Produce exactly the lines from the one holding "生产活动中涉及的过滤,挤压,浇铸,干燥,消音,加热,冷却" through the last line of the data below, with every picture left out.

Data section:
^^^^

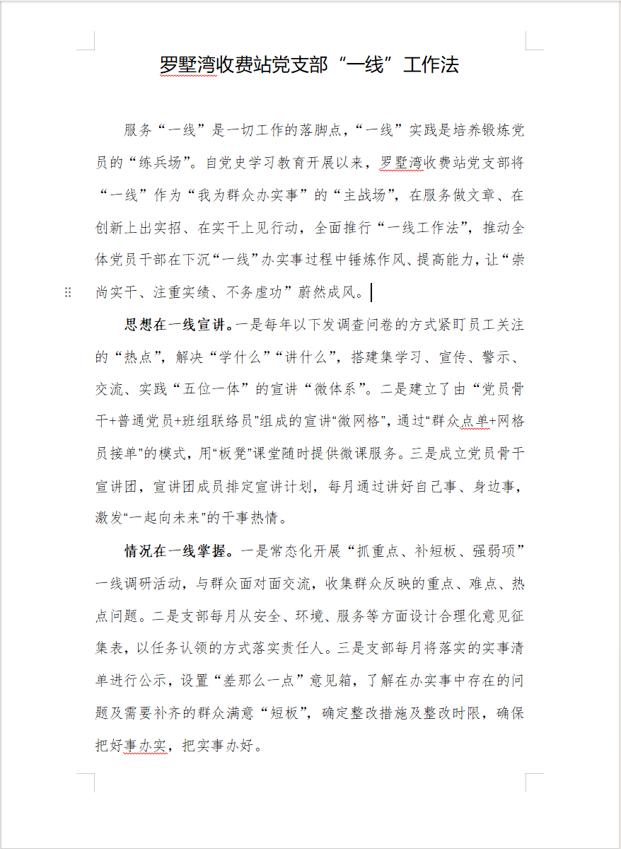 罗墅湾收费站党支部“一线”工作法
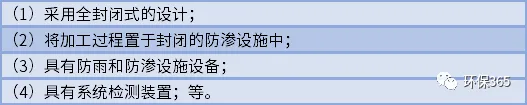 生产活动中涉及的过滤,挤压,浇铸,干燥,消音,加热,冷却,自动填充,加药和称重等活动属于半开放处理系统,其在填充或排空时需要打开。而喷涂和喷射活动一般在开放性区域进行处理,开放性区域的活动还包括直接位于未铺装地面上的物料运输、临时存储和洗车等。这种系统需要通过具体的措施来防止物质扩散到环境中。采用以下设计和建设可以降低污染土壤的风险,包括但不限于:
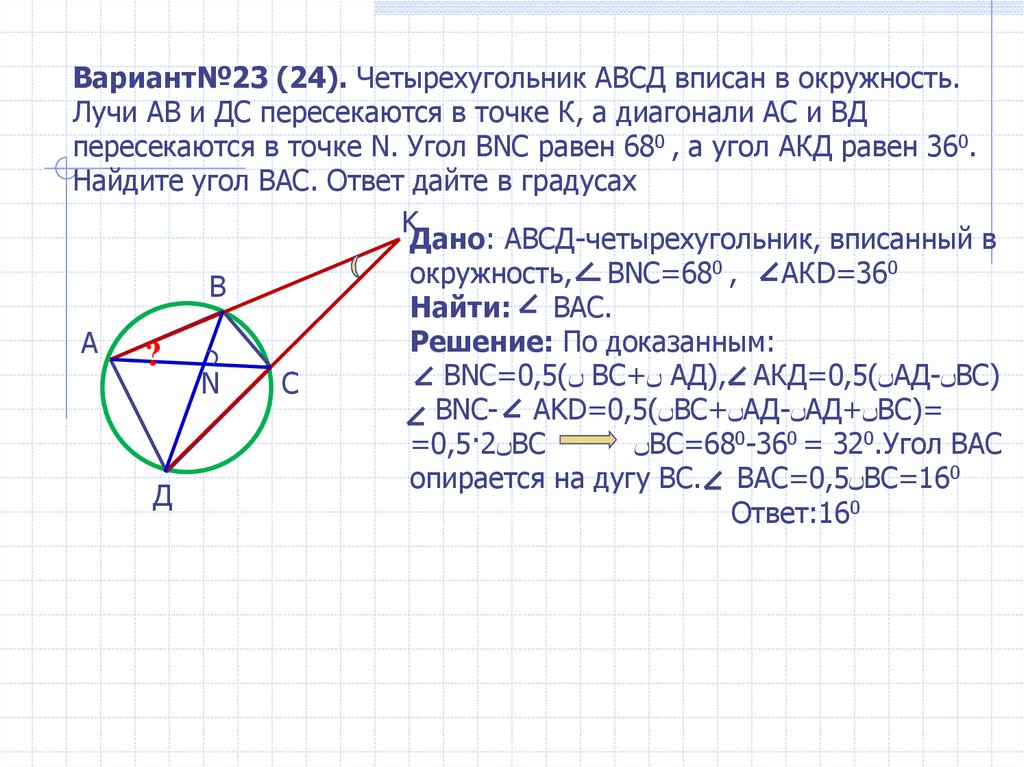 Вариант№23 (24). Четырехугольник АВСД вписан в окружность.Лучи АВ и ДС пересекаются в точке К, а диагонали АС и ВД

^^^^

Answer section:
 生产活动中涉及的过滤,挤压,浇铸,干燥,消音,加热,冷却,自动填充,加药和称重等活动属于半开放处理系统,其在填充或排空时需要打开。而喷涂和喷射活动一般在开放性区域进行处理,开放性区域的活动还包括直接位于未铺装地面上的物料运输、临时存储和洗车等。这种系统需要通过具体的措施来防止物质扩散到环境中。采用以下设计和建设可以降低污染土壤的风险,包括但不限于:
 Вариант№23 (24). Четырехугольник АВСД вписан в окружность.Лучи АВ и ДС пересекаются в точке К, а диагонали АС и ВД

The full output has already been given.